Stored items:
===============

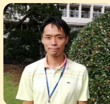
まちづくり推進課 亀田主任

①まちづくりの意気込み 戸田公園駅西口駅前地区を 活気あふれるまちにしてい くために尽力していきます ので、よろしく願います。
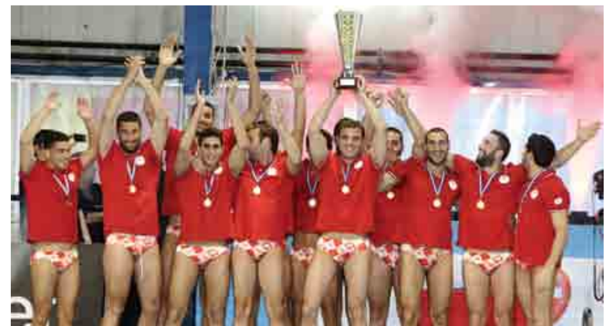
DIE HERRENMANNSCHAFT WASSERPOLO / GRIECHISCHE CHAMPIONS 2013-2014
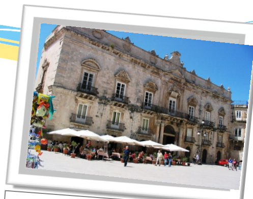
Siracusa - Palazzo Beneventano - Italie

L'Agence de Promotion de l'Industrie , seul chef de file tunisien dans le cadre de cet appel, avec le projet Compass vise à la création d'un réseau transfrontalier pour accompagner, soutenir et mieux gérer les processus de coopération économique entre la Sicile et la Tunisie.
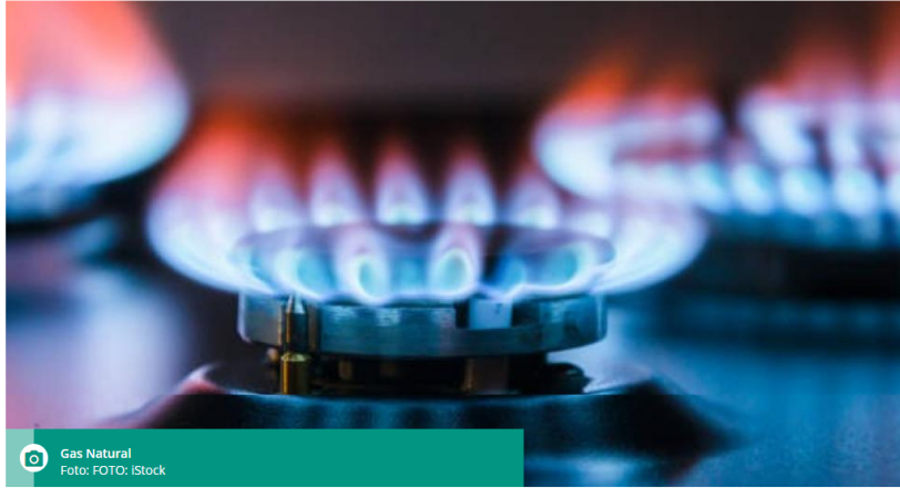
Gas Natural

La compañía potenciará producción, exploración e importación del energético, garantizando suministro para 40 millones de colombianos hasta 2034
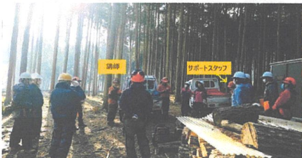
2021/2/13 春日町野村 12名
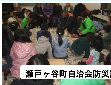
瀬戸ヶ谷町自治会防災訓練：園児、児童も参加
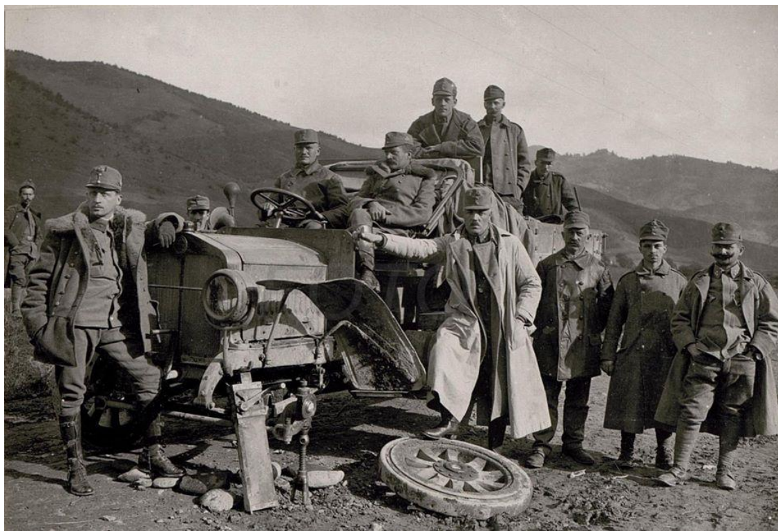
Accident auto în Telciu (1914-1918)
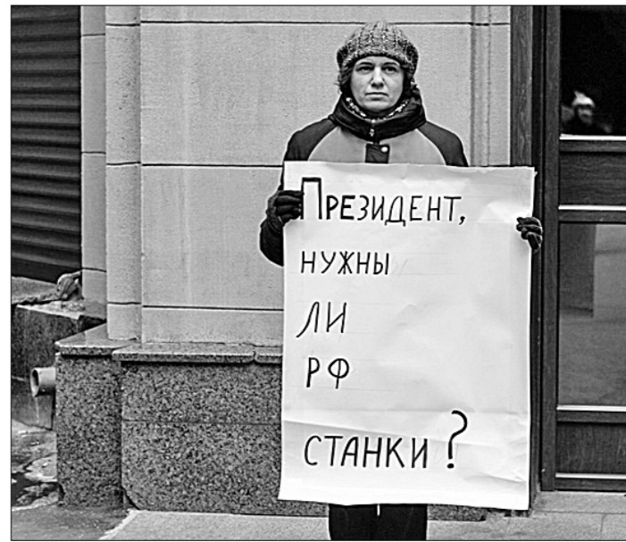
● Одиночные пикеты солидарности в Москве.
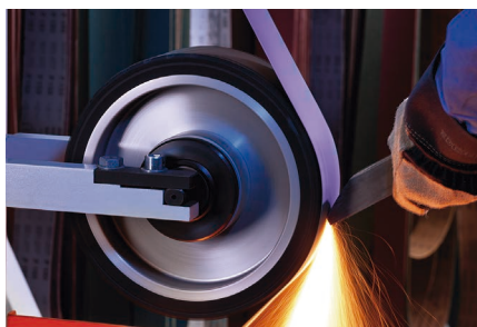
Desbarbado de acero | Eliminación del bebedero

===============

§ Your assignment
Extract the text of all the records above verbatim, excluding pictures.

§ Exercise solution
まちづくり推進課 亀田主任

①まちづくりの意気込み 戸田公園駅西口駅前地区を 活気あふれるまちにしてい くために尽力していきます ので、よろしく願います。
DIE HERRENMANNSCHAFT WASSERPOLO / GRIECHISCHE CHAMPIONS 2013-2014
Siracusa - Palazzo Beneventano - Italie

L'Agence de Promotion de l'Industrie , seul chef de file tunisien dans le cadre de cet appel, avec le projet Compass vise à la création d'un réseau transfrontalier pour accompagner, soutenir et mieux gérer les processus de coopération économique entre la Sicile et la Tunisie.
Gas Natural

La compañía potenciará producción, exploración e importación del energético, garantizando suministro para 40 millones de colombianos hasta 2034
2021/2/13 春日町野村 12名
瀬戸ヶ谷町自治会防災訓練：園児、児童も参加
Accident auto în Telciu (1914-1918)
● Одиночные пикеты солидарности в Москве.
Desbarbado de acero | Eliminación del bebedero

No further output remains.